Lumens are a better guide to getting the brightness you want, than Watts. But they still usually grow in proportion to each other. So between a 6W LED bulb and a 8W LED bulb, the 8W bulb should be brighter. Compare the respective lumens, too.
Back when bulbs were measured in Watts only, they were measuring power input, which made it easy to calculate e.g. your electricity bill based on how long you had the bulb on. But incandescents are really inefficient; they produce mostly (invisible) heat, which means, to me anyway, they’re more like glass bulb heaters. Remember those toy ovens for kids (Easy Bake, Holly Hobby, etc.)? They use a light bulb as a heat source.
Some light results from these bulbs, a small fraction of the input power. What you want is bright light without all that unnecessary, wasteful heat. The modern LED bulbs are moving us closer to that ideal, so much so that it’s better to use Lumens and not Watts to measure light output.
I just bought 4 of those, and put two in my bedroom fixture. And they hum. It drove me nuts and I had to replace them. You’re the third or fourth person who has recommended them to me, so I don’t know if it’s just my fixture, or I got bad bulbs, or something else.
They did look nice.
One thing to be aware of is that if you buy LEDs that let you select their color (kelvins) they often look better in the middle choices than the extreme choices – my guess is they are used multiple, um, lighting thingies, and have a higher CRI as a result.
I’m very sensitive to CRI, and I’ve liked the CREE bulbs, although they tend to fail sooner than some other brands.
I have dozens of all shapes and sizes and no hum that I have ever noticed. Is there a dimmer? I’ve had issues with bulbs humming on older dimmers that seem to have issues with the low current.
Pretty sure the Philips bulbs have two color temperature LEDs and basically dim them at different rates. I had some in outside fixtures here in the desert and after the summer all of the high color temp diodes died so the bulbs have warm light all the time.
Yes, of course they are on a dimmer. I don’t understand why anyone would buy a bulb that changes color as you dim it if they didn’t intend to use it with a dimmer.

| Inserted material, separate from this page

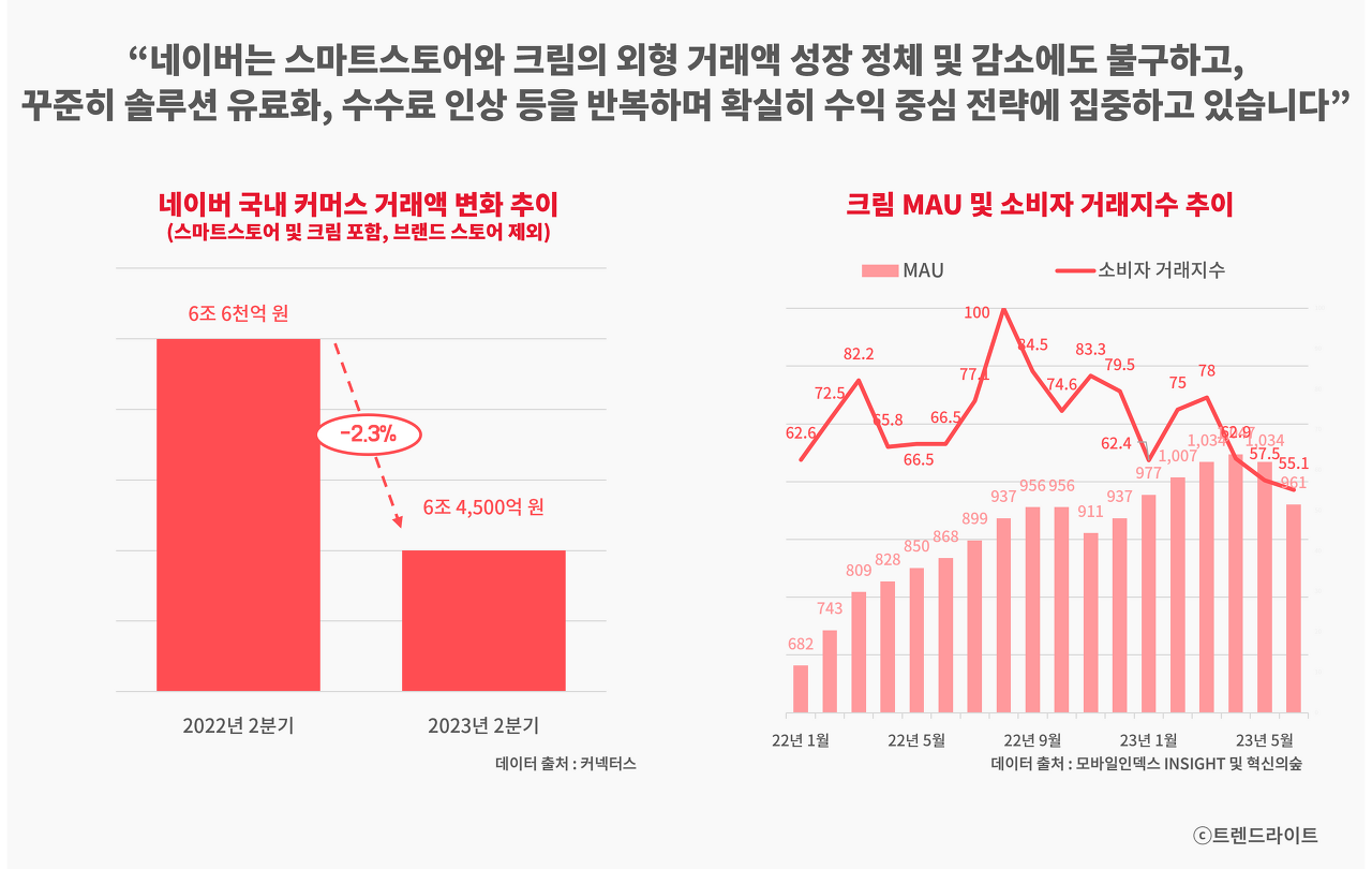 네이버의 2023년 2분기 실적이 공개되었습니다. 매출과 영업이익 모두 분기 역대 최대 실적을 기록하였는데요. 커머스와 콘텐츠 매출이 40%대의 높은 성장률로 실적을 견인했다고 합니다. 하지만 마냥 긍정적인 면모만 있는 건 아닙니다. 커머스, 그것도 국내 실적만 따로 떼서 보면, 위기라고 해도 어색하지 않을 정도로 위험한 신호가 감지되고 있기 때문입니다.

(sorry to sound cranky, but this is the third time I’ve been asked that about this story.)
I, too, have dozens of LEDs in several shapes, sizes, and colors around the house, and this is the first time I’ve noticed a hum. I’ve had issues with some flickering, but not with sound.
I meant to say that I have dozens of Philips Warm-Glo bulbs in use, none of them hum. I have heard that some dimmer/bulb combinations can cause hum (I had a hum issue with a different brand years ago).

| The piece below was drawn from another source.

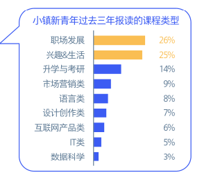 62%的小鎮(zhèn)新青年在過去三年曾報讀自我提升課程。實現(xiàn)升學(xué)&考研,滿足學(xué)習(xí)新知識的興趣愛好、提升職業(yè)技能是排名前三的課程選擇。

Trailing edge dimmers are good with Dimmable LEDS.
Older Leading edge dimmers flicker and hum with Dimmable LEDs. So maybe change the dimmer.

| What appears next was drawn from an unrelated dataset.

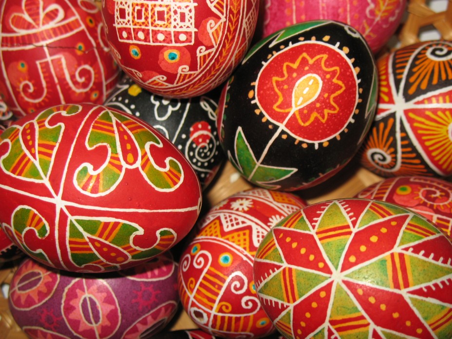 Писанки. Писанки - это куриные яйца, которые расписывают специально к Пасхе. По технике исполнения орнамента всё множество писанок разделяется на несколько видов. Наиболее простой способ заключается в украшении всей поверхности яйца цветными точками или пятнышками. Ещё один несложный способ состоит в процарапывании узора на равномерно окрашенном яйце. Остальные способы связаны со сложным колористическим и композиционным решением, их освоение требует знания хотя бы элементарных орнаментов и элементов, а также владения традиционными техническими приёмами.Самый известный из них - это восковой способ. Он требует специального инструмента - кистки - конусообразной трубочки, прикреплённой к деревянной ручке, чтобы инструмент было удобно держать во время работы (иногда попросту обходятся гвоздиком или палочкой). Поверхность писанок в воображении или системой линий можно разбить на определенное количество участков (фрагментов) регулярной формы. Это связано с особенностями художественного решения миниатюр на яйце. Все декоративные элементы размещаются внутри участков или на пересечении линий и создают орнаментальные мотивы. Если элементы располагаются симметрично, образуется статичный, уравновешенный орнамент. Если же возникает асимметрия, орнамент приобретает динамичный характер. На основе ограниченного количества композиционных схем народные мастера создавали и продолжают создавать неограниченное количество художественных композиций.Народный художник (мастер) не сразу создаёт произведение: он обдумывает замысел, а затем воплощает его. Каждый художественный образ имеет свои особенности, связанные со спецификой материала и способов его обработки. Яйцо хрупкое, маленькое и при этом объёмное. Поэтому его нужно держать в руках очень осторожно и во время работы поворачивать, чтобы видеть со всех сторон. Это помогает увидеть их как объёмные изделия, занимающие определённое место в трёхмерном пространстве, - причём увидеть во всей красоте и каждый раз по-новому, в зависимости от точки зрения. Писанки своими руками восковым способомВосковой способ состоит в последовательном нанесении орнамента на яйцо с помощью растопленного воска и нескольких красителей.

Then there is the electronics within the dimmable LEDs themselves. Some struggle to produce a smooth dimming effect with a temperature change similar to a tungsten filament.
Finding the right combination of dimmable LED bulbs and a compatible dimmer……it is a challenge. But there are some manufacturers that are better than others, but they cost more. Especially if you have a lot of decorative bulbs in your light fitting.
This retrofit corner of the LED market tends to develop quite slowly.
Various sources I’m finding online indicate that LED bulbs actually work well in cold temperatures, unlike compact fluorescent bulbs, which often struggle in the cold.